Unfortunately, secret salts are something Gravatar can not implement with its current design and implementation, Gravatar relies on the usage of an unsalted hash of each person’s email address and has been implemented this way for the last 20 years.

This risk has been brought up publicly multiple times, in 2008, in 2013, and again in 2016. Then, in 2020 a security researcher named Carlo Di Dato found they were able to view public profile data based on the Gravatar user’s ID number, bypassing the need to brute force the hash entirely.

This issue was reported to Gravatar before being released publicly and Gravatar no longer allows access to look up profiles by their ID number.

Unfortunately, it looks like many users of Gravatar have had their emails exposed due to either brute-force attacks or the user ID enumeration.

Gravatar’s core design was from a different time, we’re talking MySpace and Digg; Facebook and GitHub are barely getting started; Slack and Instagram don’t exist. A free service like Gravatar would be highly appealing and provide reasonable security at that price.

Weekly knowledge

From Web 2.0 to Web3

The internet has changed a lot in the last 20 years.

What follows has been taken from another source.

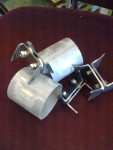 - Det började med några järnbitar. Den böjda hittade jag på vinden. Det är kvarlevor sedan 80-talet, då jag lagade hörn på flis-kontainrar där hörnen spruckit efter att de placerats på ojämnt underlag i skogen. Rundade hörn fördelade belastningen bättre än kantiga.

Websites transitioned from static content to communities and social networks. Technology that was huge 20 years ago, like Real Player or Adobe flash, has been phased out as they no longer fit into the current web ecosystem, or they cause more problems than they solve.

This transition into a social web is known as Web 2.0 and was driven by many Open Source projects, the technology they developed, and the communities behind them.

gravatar breach
Photo by Bethany Legg on Unsplash

Websites like GitHub, frameworks like WordPress, communities like Stack Overflow. These projects were led by pioneers who saw the problem, built a solution, and enriched the web for everyone.

Now, new pioneers are looking toward the future, looking to see how they can solve new problems, problems like centralization of control, and inadequate privacy controls. Problems that have been codified into law in some countries, problems that will not go away.

These pioneers are designing solutions so drastic it is being called Web3, and I am looking forward to seeing what this next generation of pioneers builds for the world.

Thanks and Appreciation

Thanks go out to the developers of PublishPress, for releasing the patch and securing their code.

Further thanks are extended to haveIbeenPwned, a service built by Troy Hunt after he identified a problem and built a solution.

I extend this thanks to all of the other internet innovators as well. In the past, you built what is known as Web2.0, and in the future new innovators will build and define, what Web3 will be. We do not know who the web3 pioneers are just yet, but I bet they will see problems and will put in the work to build the solutions.